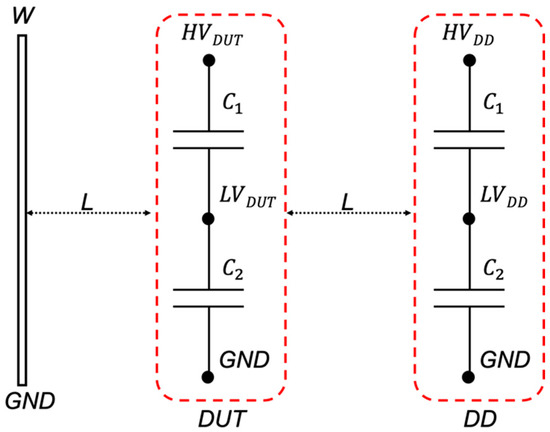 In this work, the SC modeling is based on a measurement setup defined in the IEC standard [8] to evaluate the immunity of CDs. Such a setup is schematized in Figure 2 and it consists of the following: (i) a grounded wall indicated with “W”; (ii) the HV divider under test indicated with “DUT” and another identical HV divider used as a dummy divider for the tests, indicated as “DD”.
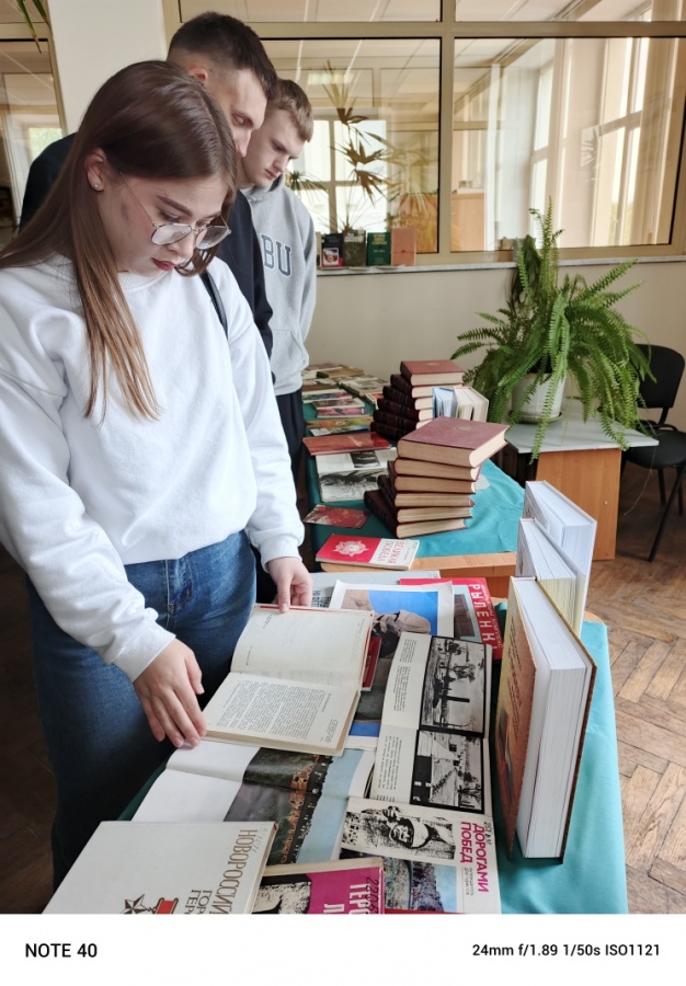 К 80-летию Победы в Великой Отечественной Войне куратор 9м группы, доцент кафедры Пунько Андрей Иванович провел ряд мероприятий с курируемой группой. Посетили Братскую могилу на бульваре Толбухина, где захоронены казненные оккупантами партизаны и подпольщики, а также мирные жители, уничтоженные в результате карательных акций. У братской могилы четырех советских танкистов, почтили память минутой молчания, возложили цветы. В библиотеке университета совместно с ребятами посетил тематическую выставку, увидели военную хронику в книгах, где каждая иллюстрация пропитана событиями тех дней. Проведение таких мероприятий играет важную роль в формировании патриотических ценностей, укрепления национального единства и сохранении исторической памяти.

---

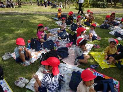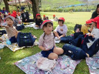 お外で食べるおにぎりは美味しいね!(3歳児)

...

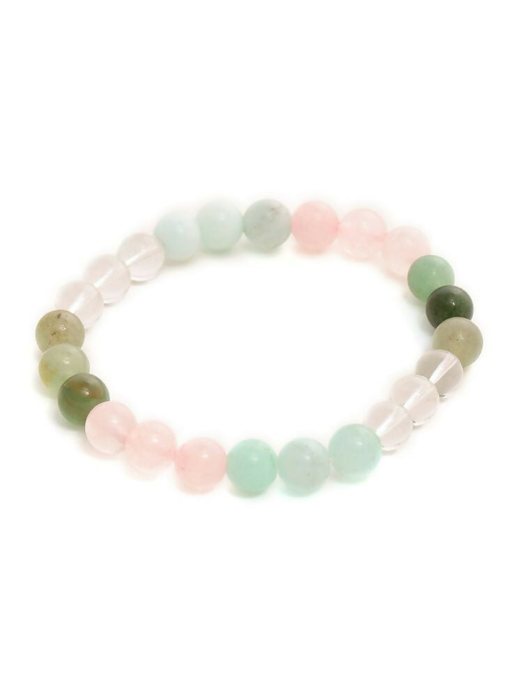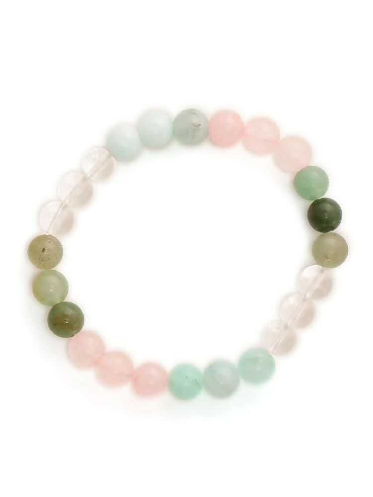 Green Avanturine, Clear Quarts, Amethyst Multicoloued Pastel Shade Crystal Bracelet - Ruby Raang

- Instructions to follow: An exact copy is needed. It runs from the line above containing "In this work, the" down to the line containing "К 80-летию Победы", both included, with no pictures.

- Response:
 In this work, the SC modeling is based on a measurement setup defined in the IEC standard [8] to evaluate the immunity of CDs. Such a setup is schematized in Figure 2 and it consists of the following: (i) a grounded wall indicated with “W”; (ii) the HV divider under test indicated with “DUT” and another identical HV divider used as a dummy divider for the tests, indicated as “DD”.
 К 80-летию Победы в Великой Отечественной Войне куратор 9м группы, доцент кафедры Пунько Андрей Иванович провел ряд мероприятий с курируемой группой. Посетили Братскую могилу на бульваре Толбухина, где захоронены казненные оккупантами партизаны и подпольщики, а также мирные жители, уничтоженные в результате карательных акций. У братской могилы четырех советских танкистов, почтили память минутой молчания, возложили цветы. В библиотеке университета совместно с ребятами посетил тематическую выставку, увидели военную хронику в книгах, где каждая иллюстрация пропитана событиями тех дней. Проведение таких мероприятий играет важную роль в формировании патриотических ценностей, укрепления национального единства и сохранении исторической памяти.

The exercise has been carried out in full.